Starting at the first line of the data and ending at the line with "ABBASS KHAN | |||", copy each line exactly. Include both of those lines, but no pictures.

=-=-=-=-=

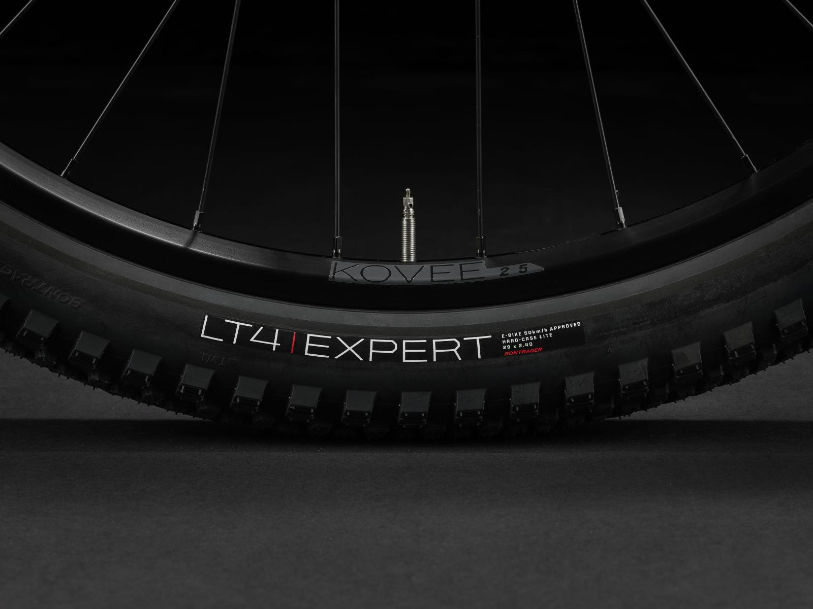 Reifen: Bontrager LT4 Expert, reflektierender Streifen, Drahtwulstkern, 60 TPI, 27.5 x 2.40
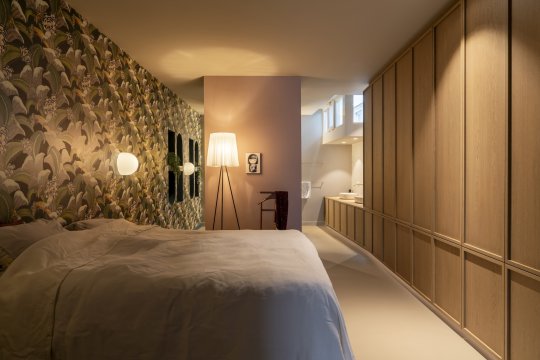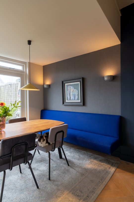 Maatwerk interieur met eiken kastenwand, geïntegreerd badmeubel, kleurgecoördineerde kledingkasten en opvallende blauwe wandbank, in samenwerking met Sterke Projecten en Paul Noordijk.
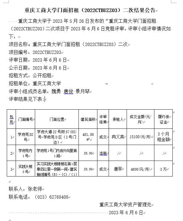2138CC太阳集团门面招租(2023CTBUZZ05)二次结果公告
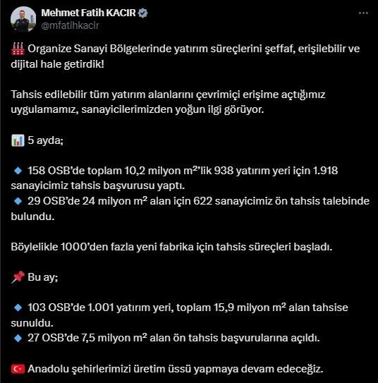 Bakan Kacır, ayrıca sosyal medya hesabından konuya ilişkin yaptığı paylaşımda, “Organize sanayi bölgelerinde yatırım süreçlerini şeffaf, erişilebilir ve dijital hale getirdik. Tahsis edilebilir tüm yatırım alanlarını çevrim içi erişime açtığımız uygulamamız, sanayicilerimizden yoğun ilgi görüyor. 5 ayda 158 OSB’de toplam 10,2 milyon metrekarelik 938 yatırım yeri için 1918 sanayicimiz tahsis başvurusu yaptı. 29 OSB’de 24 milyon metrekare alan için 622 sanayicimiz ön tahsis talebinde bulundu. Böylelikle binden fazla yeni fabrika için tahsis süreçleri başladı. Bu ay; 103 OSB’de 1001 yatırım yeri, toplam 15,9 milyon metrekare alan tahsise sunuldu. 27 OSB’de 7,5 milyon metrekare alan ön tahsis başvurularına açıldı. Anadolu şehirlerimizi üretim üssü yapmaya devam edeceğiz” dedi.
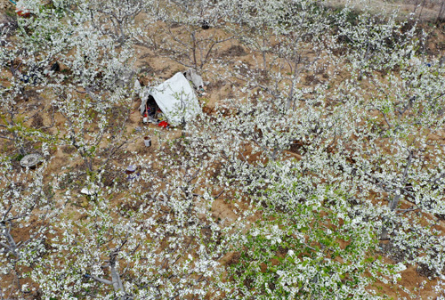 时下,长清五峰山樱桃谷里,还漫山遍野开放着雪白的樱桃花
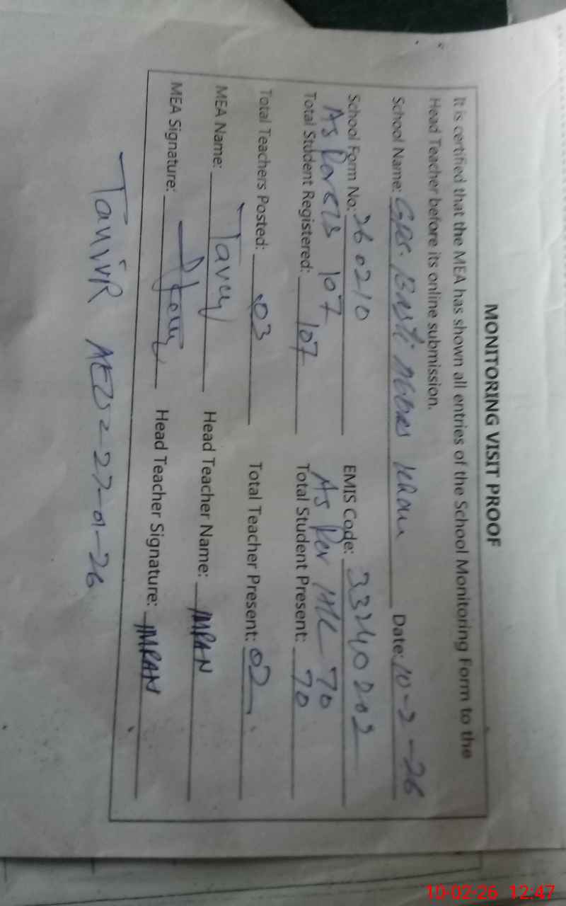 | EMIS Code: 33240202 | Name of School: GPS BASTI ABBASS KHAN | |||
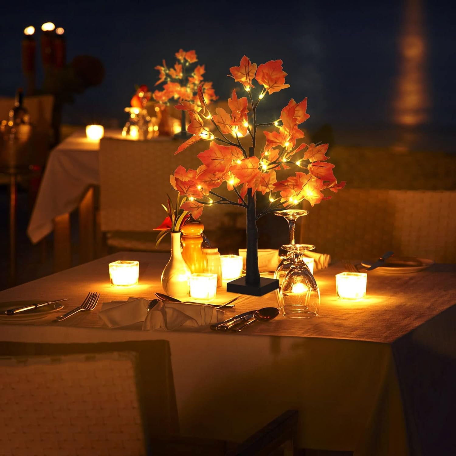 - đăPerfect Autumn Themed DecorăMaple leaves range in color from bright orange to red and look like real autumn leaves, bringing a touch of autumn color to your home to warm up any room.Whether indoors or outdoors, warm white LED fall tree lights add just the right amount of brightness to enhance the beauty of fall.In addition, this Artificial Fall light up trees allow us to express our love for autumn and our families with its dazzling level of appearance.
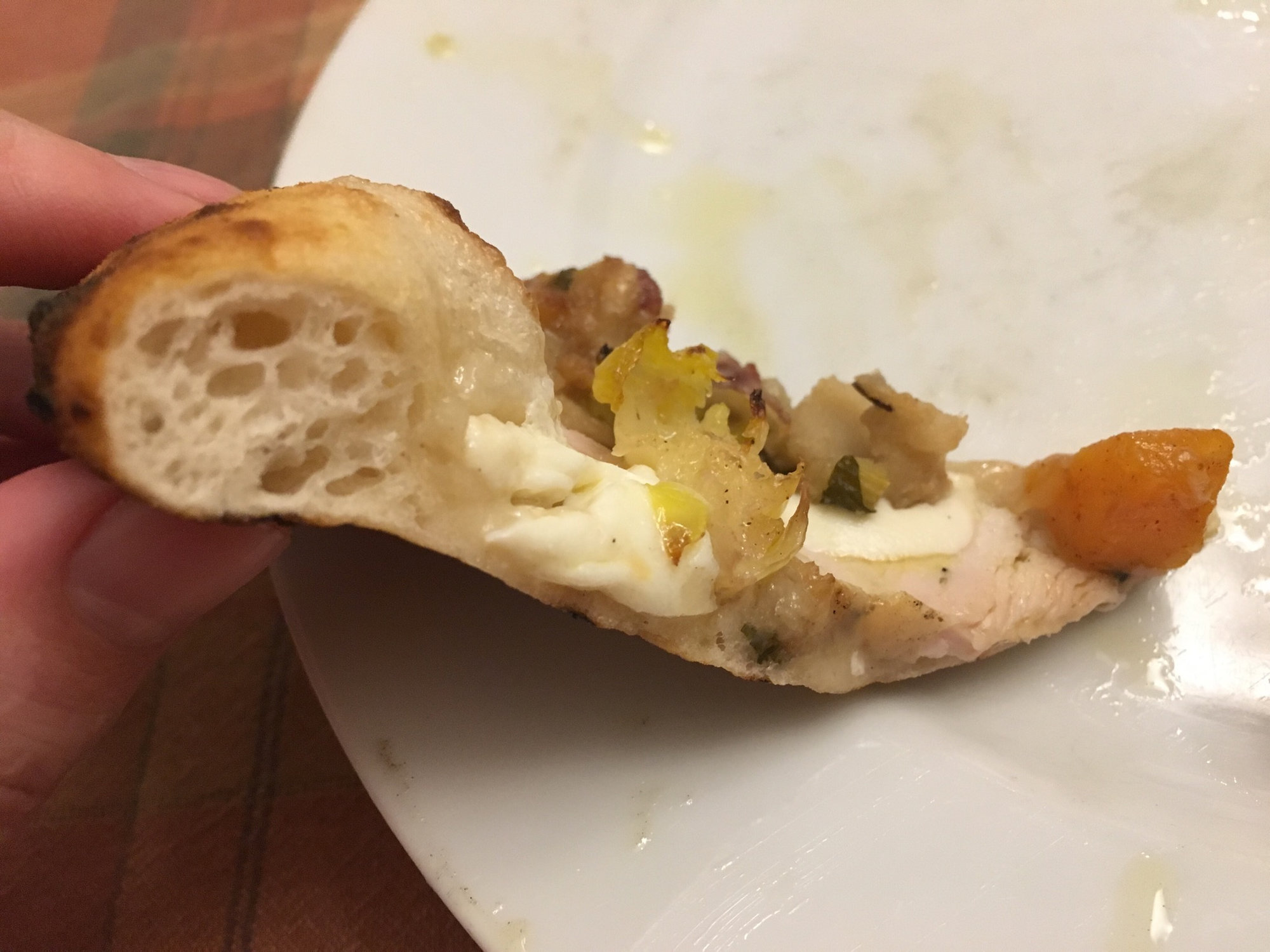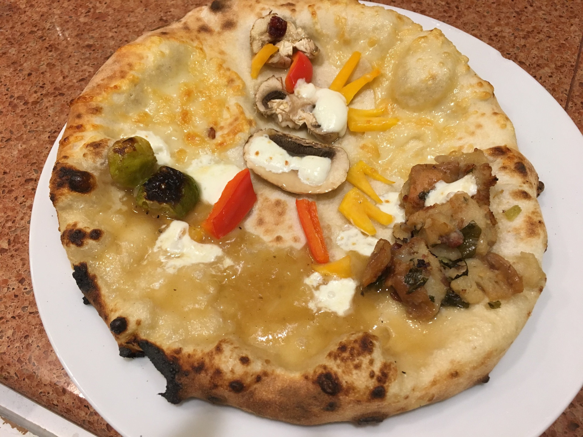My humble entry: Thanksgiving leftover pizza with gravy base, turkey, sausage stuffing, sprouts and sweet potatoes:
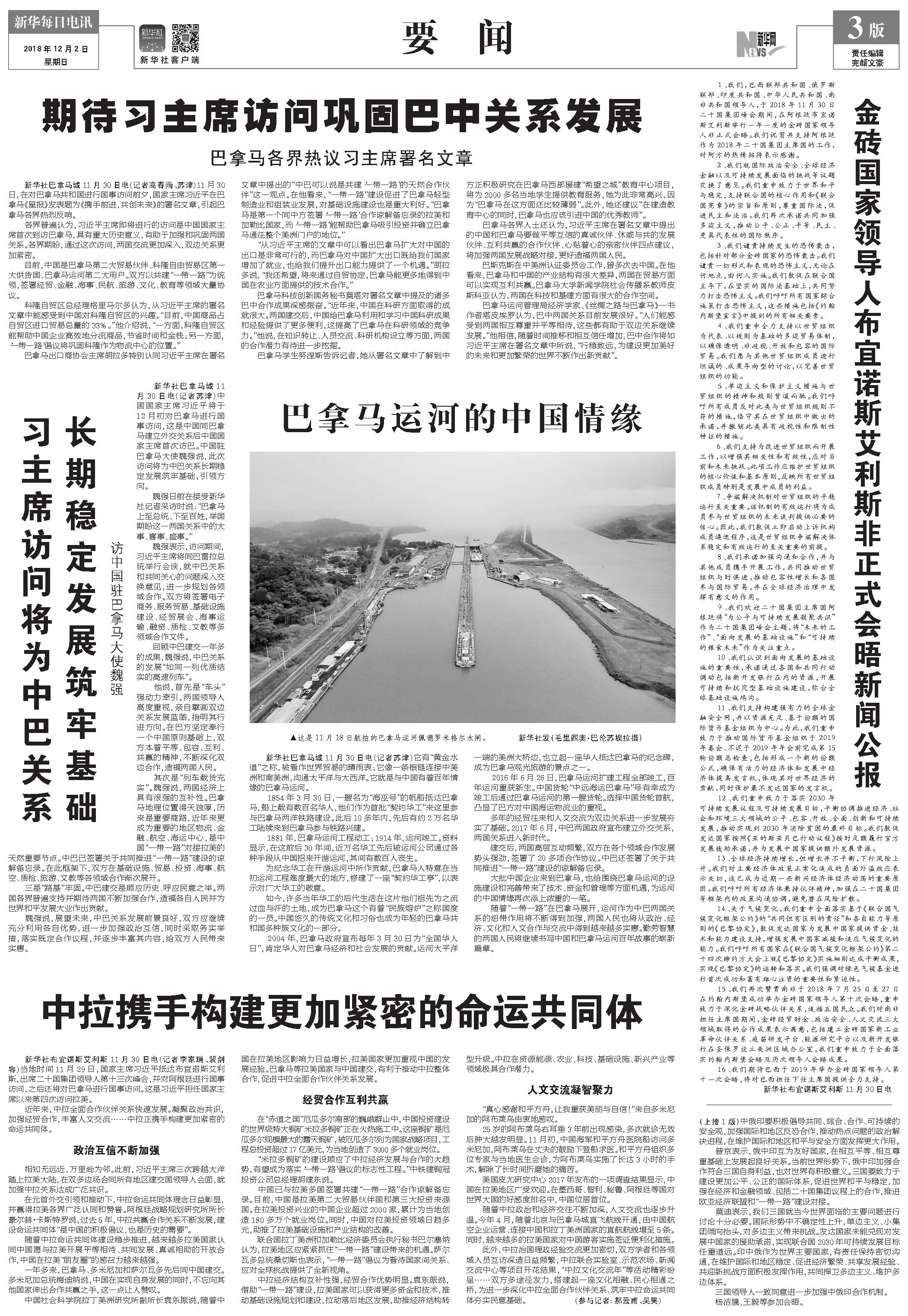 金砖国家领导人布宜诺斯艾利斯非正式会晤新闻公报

=-=-=-=-=

→ **YOUR SOLUTION**
 Reifen: Bontrager LT4 Expert, reflektierender Streifen, Drahtwulstkern, 60 TPI, 27.5 x 2.40
 Maatwerk interieur met eiken kastenwand, geïntegreerd badmeubel, kleurgecoördineerde kledingkasten en opvallende blauwe wandbank, in samenwerking met Sterke Projecten en Paul Noordijk.
2138CC太阳集团门面招租(2023CTBUZZ05)二次结果公告
 Bakan Kacır, ayrıca sosyal medya hesabından konuya ilişkin yaptığı paylaşımda, “Organize sanayi bölgelerinde yatırım süreçlerini şeffaf, erişilebilir ve dijital hale getirdik. Tahsis edilebilir tüm yatırım alanlarını çevrim içi erişime açtığımız uygulamamız, sanayicilerimizden yoğun ilgi görüyor. 5 ayda 158 OSB’de toplam 10,2 milyon metrekarelik 938 yatırım yeri için 1918 sanayicimiz tahsis başvurusu yaptı. 29 OSB’de 24 milyon metrekare alan için 622 sanayicimiz ön tahsis talebinde bulundu. Böylelikle binden fazla yeni fabrika için tahsis süreçleri başladı. Bu ay; 103 OSB’de 1001 yatırım yeri, toplam 15,9 milyon metrekare alan tahsise sunuldu. 27 OSB’de 7,5 milyon metrekare alan ön tahsis başvurularına açıldı. Anadolu şehirlerimizi üretim üssü yapmaya devam edeceğiz” dedi.
 时下,长清五峰山樱桃谷里,还漫山遍野开放着雪白的樱桃花
 | EMIS Code: 33240202 | Name of School: GPS BASTI ABBASS KHAN | |||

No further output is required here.